All patients in the initial Phase I study with SHACT are included and the first patient has now received a dose in a double-blind, randomized, placebo-controlled Phase II study.

The goal of the Phase II study is to evaluate the effect of SHACT in connection with IUD insertion in women. Secondary objectives include evaluating safety and tolerability.

Gunilla Lundmark, CEO of Pharmanest: "The results from this study will be an important step closer to a possible new local anesthetic product. Many women experience pain associated with IUD insertion and there are few local anesthetic products on the market with proven efficacy in this indication. We see a great need for SHACT associated with IUD insertion as well as for other gynecological procedures."

SHACT is applied topically in the cervix and uterus with devices developed by Pharmanest. The goal is to achieve immediate pain relief without the need for advanced equipment.
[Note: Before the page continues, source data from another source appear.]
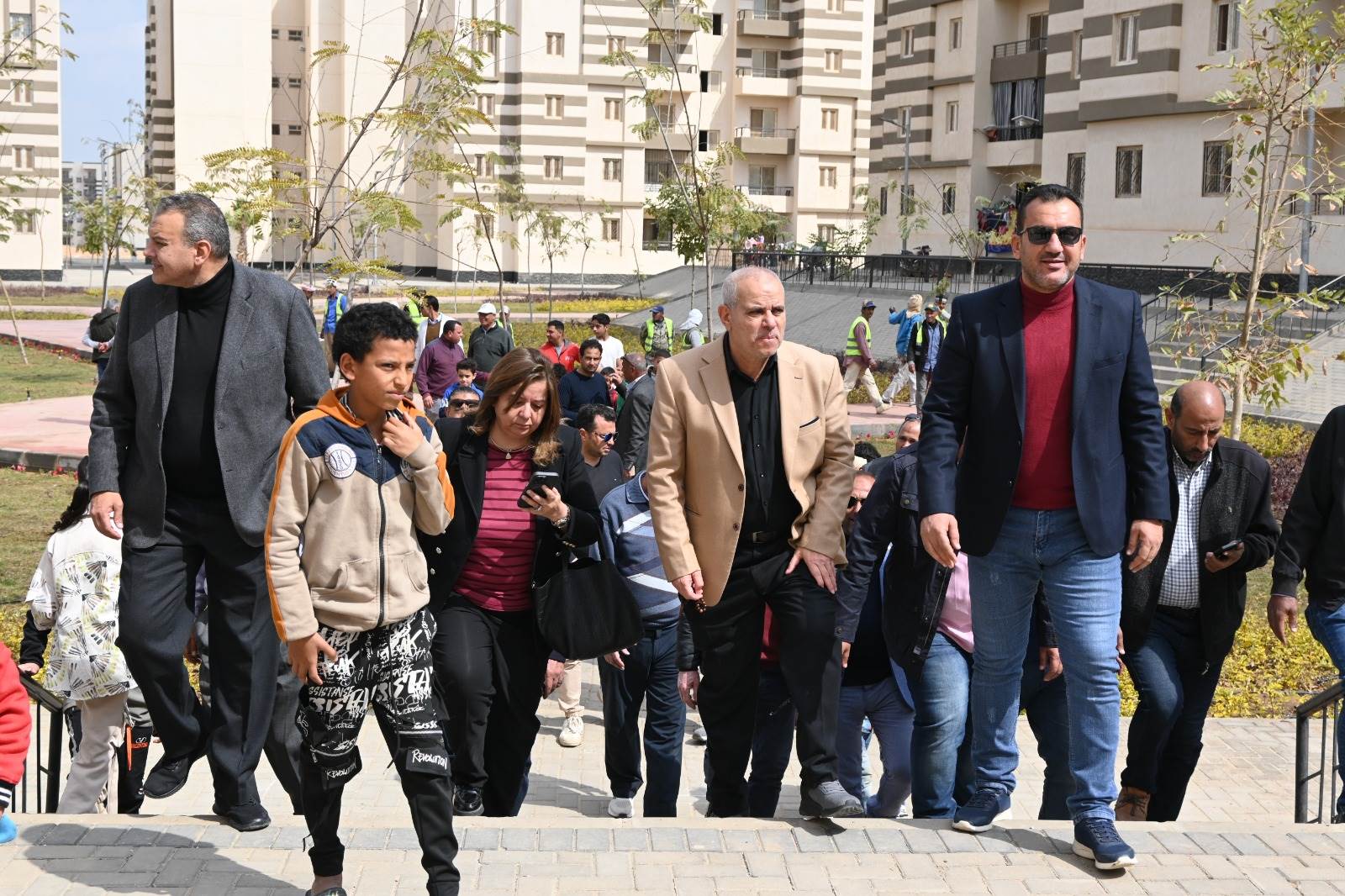 واستهلت الجولة بتفقد مشروع الـ125 عمارة بشرق الأندلس – محور منخفضي الدخل – ضمن المبادرة الرئاسية سكن لكل المصريين، والذي يضم نحو 3000 وحدة سكنية كاملة المرافق بمساحة 90 مترًا مربعًا للوحدة، بنسبة تنفيذ بلغت 100% شاملة أعمال المرافق وتنسيق الموقع العام، تمهيدًا لبدء إجراءات التسليم.
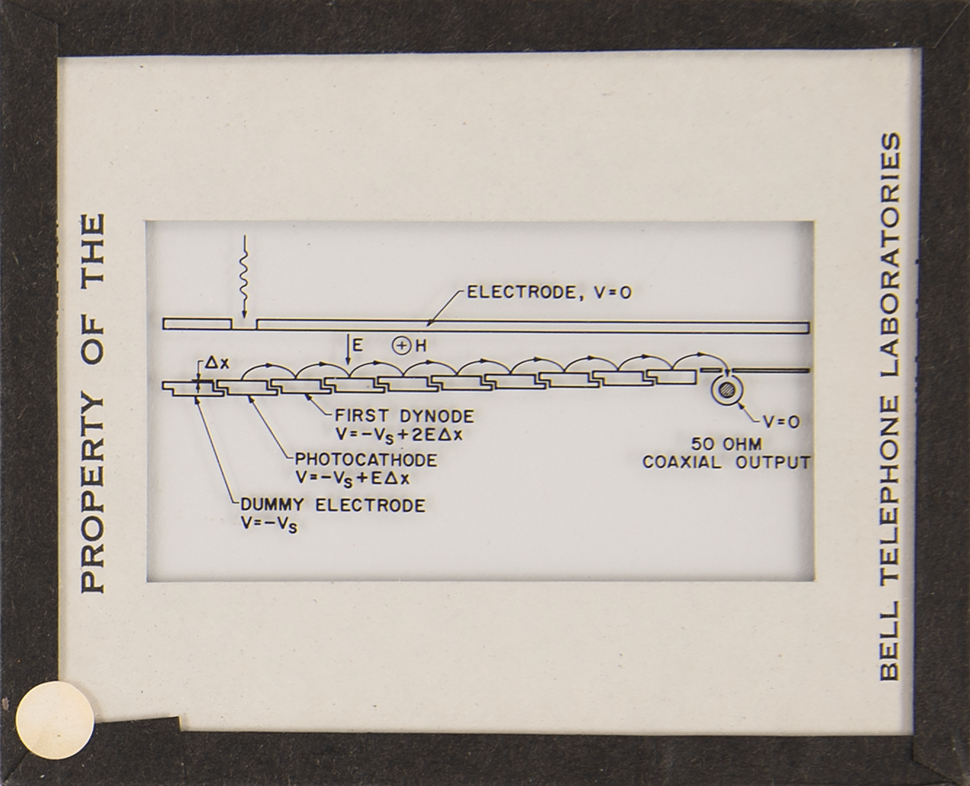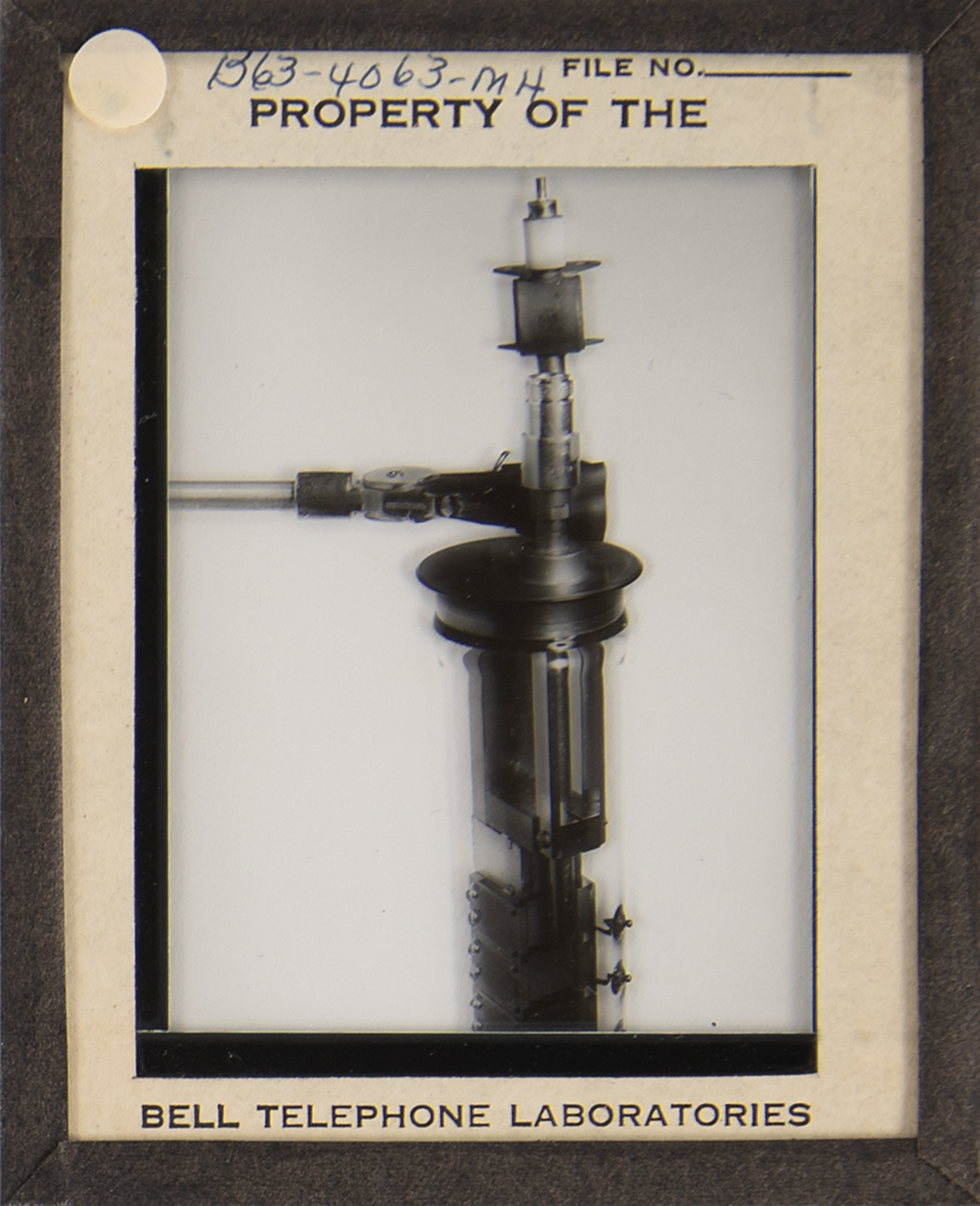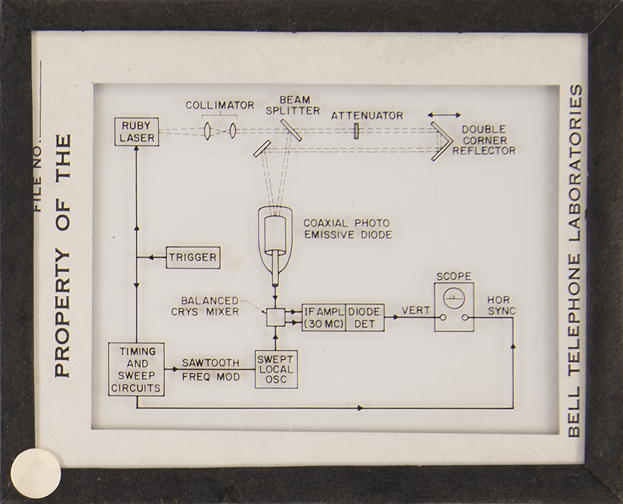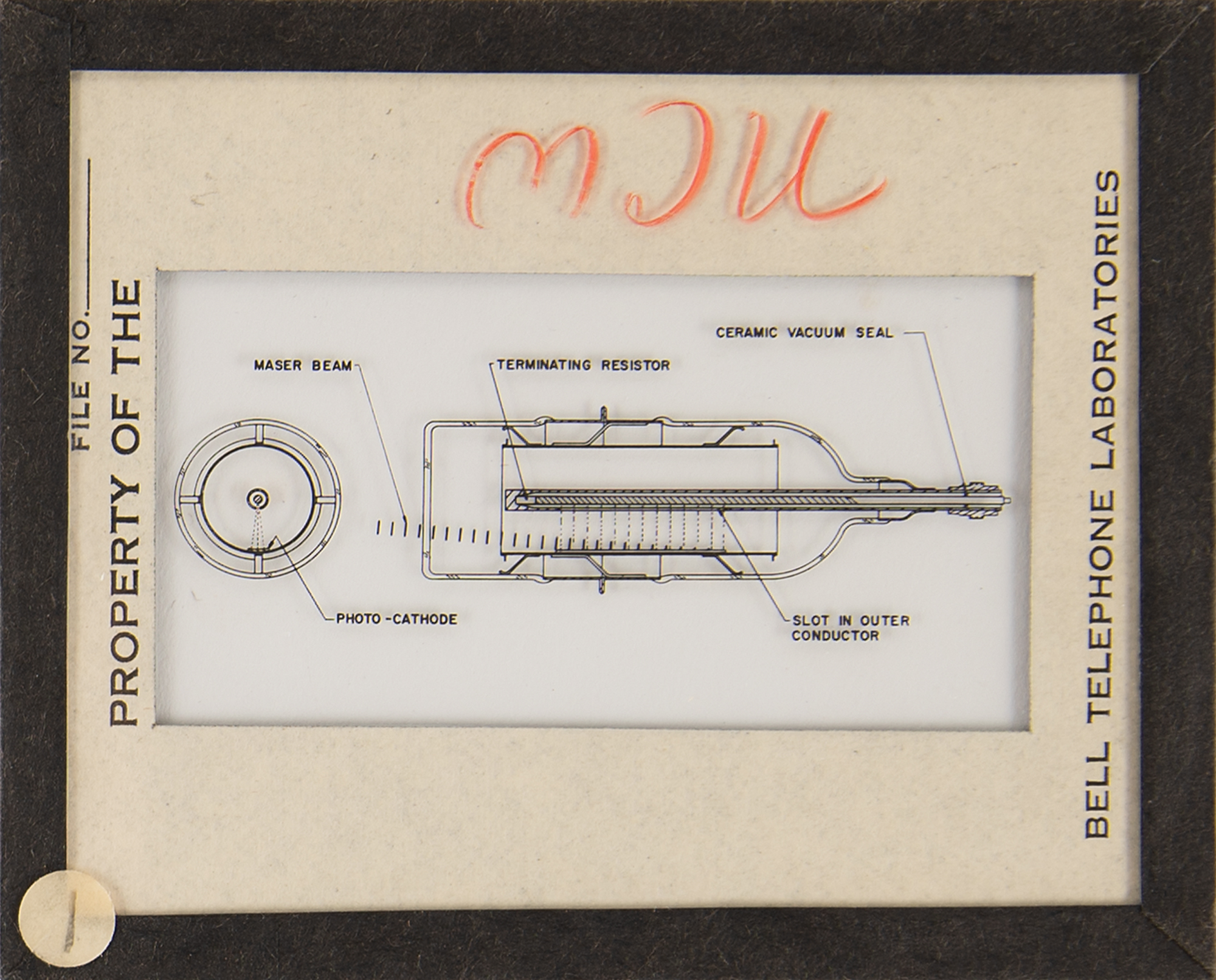 Diode array component associated with the proton/electron radiation experiment onboard Telstar 1, used to measure Van Allen Belt proton/electron distribution. Housed in a glass cylinder with metal endcaps (one marked "PN-79") and various ports, the piece measures approximately 24˝ long with a diameter of 3˝, and is accompanied by a wooden display stand. Also includes a group of 19 glass slides with images and schematics documenting this device and the Telstar 1. In overall fine condition.
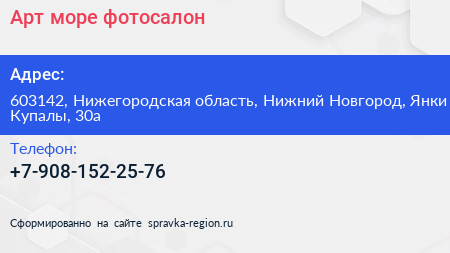 Арт-море, фотосалон по адресу 603142, Нижегородская область, Нижний Новгород, Янки Купалы, 30а в дальнейшем Организация, размещена в следующих категориях:
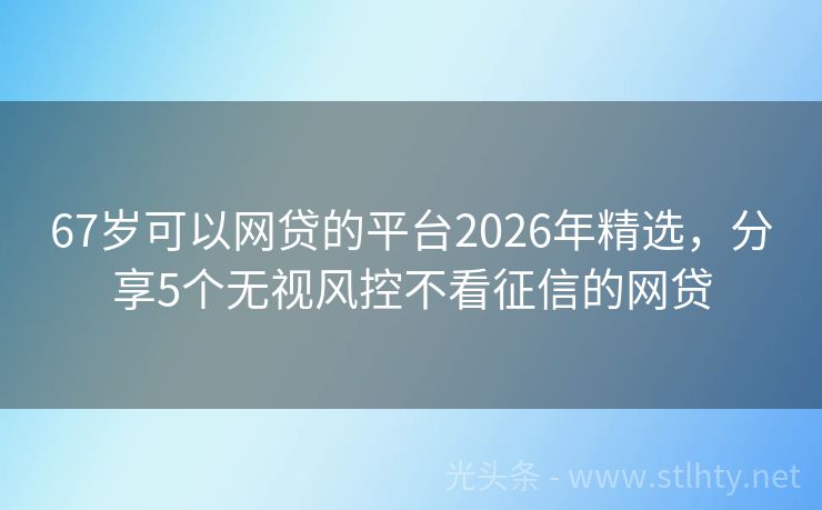 67岁可以网贷的平台2026年精选,分享5个无视风控不看征信的网贷
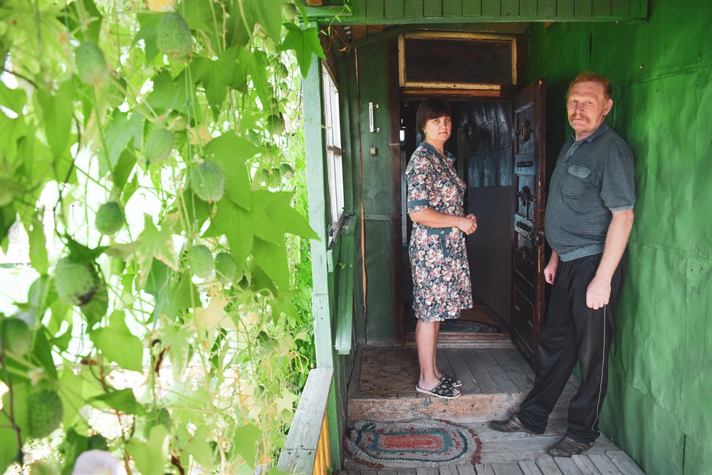 Татьяна и Сергей Штейниковы дома. В случае повышения пенсионного возраста Татьяна уйдет на пенсию в 2022, а Сергей – в 2024. Фото: Дарья Гришанова Татьяна работает в убойном цехе «Межениновки» «на учете».
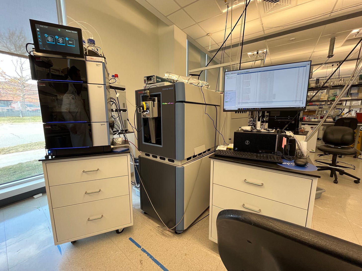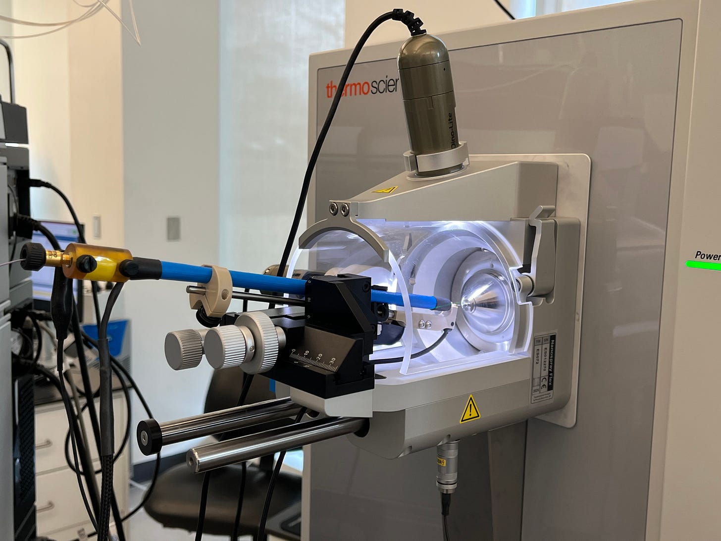 PTI occupies one half of a squat, glass-and-steel framed research facility in Watertown, Massachusetts. (The other half is occupied by Cultivarium, another non-profit research organization that I have previously covered for Asimov Press.) PTI’s laboratory is quite spacious. Instead of a clutter of experimental tools, like you might find in a standard molecular biology lab, the space is sparsely filled with machines to isolate cells, a handful of mass spectrometers, and computers to process data.
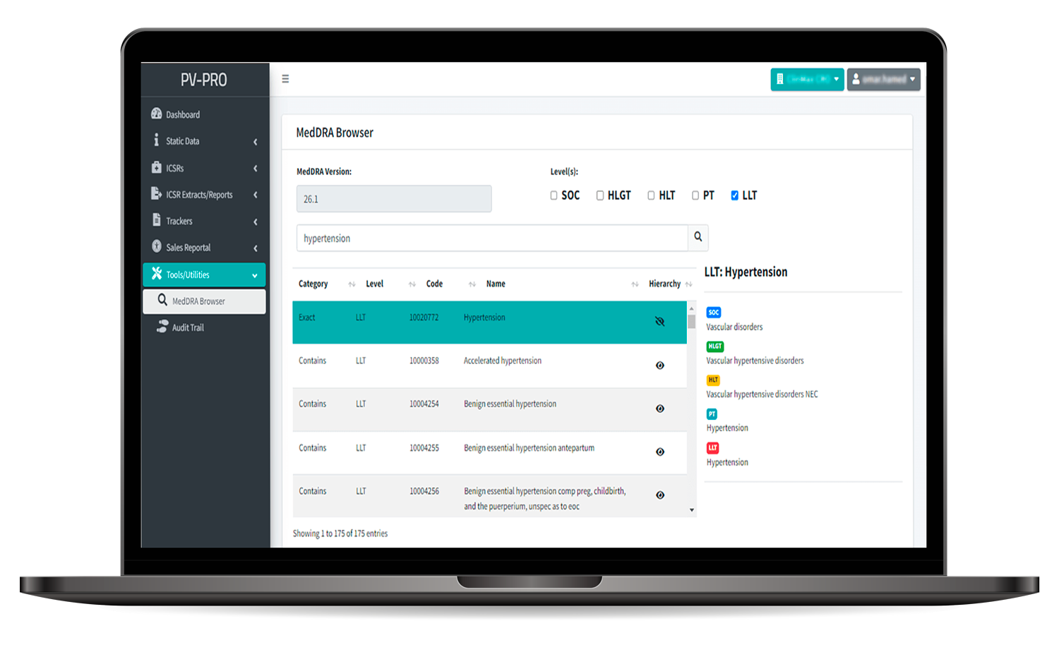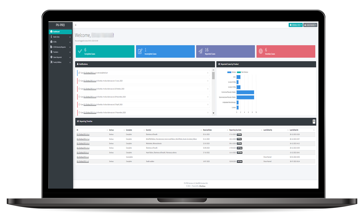 is a pioneering solution at the core of the global pharmacovigilance safety network. With a fully validated ICH E2B-R3 Database and integration with MedDRA, it facilitates comprehensive safety information processing. PV PRO offers a cost-effective solution with its user-friendly interface, streamlining the creation, review, submission, and maintenance of pharmacovigilance event reports alongside with other features supporting the Pharmacovigilance department.
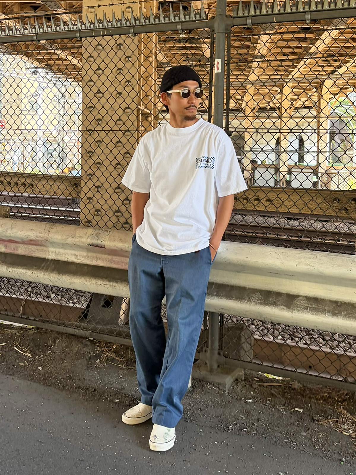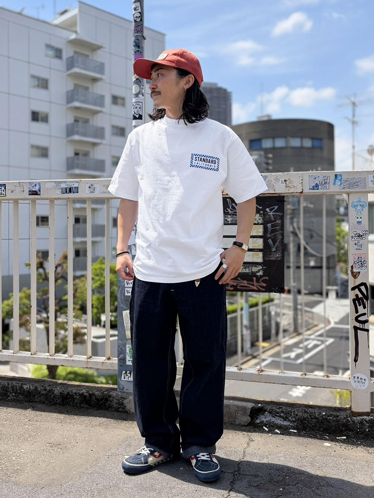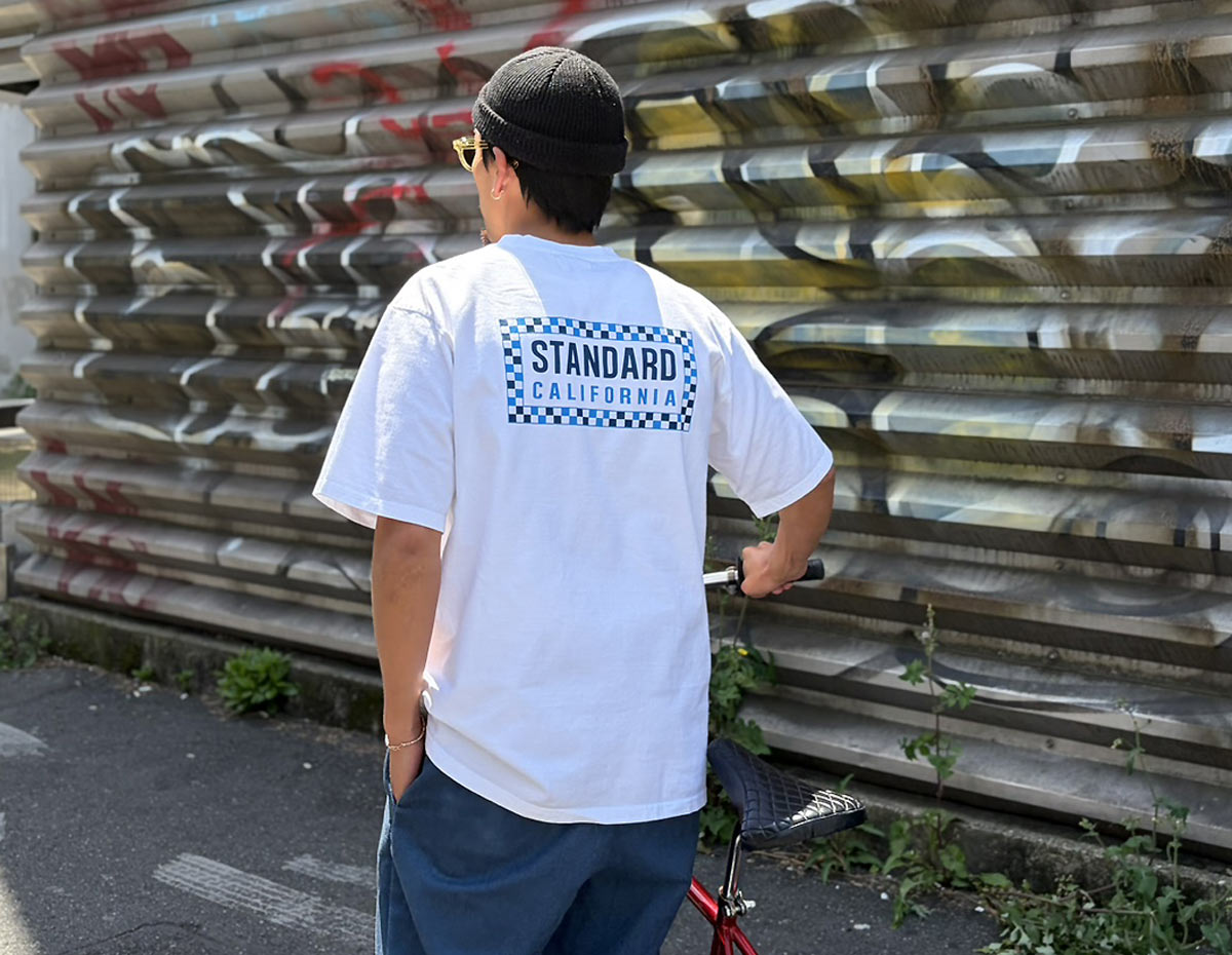 今までは単色カラーでしたが、今回は2トーンのチェッカーデザインを配したStandard Californiaロゴをフロントとバックにラバープリント。

The Phase II study is expected to enroll approximately 200 patients and will be conducted at the Karolinska University Hospital. Principal Investigator is Dr. Sara Törnblom Paulander, a specialist in obstetrics and gynecology.

Torbjörn Bjerke, CEO of Karolinska Development and board member of Pharmanest: "We are very pleased that Pharmanest takes the next important step in the development of SHACT. This is a product that addresses a clear medical need among the millions of women worldwide inserting IUD each year."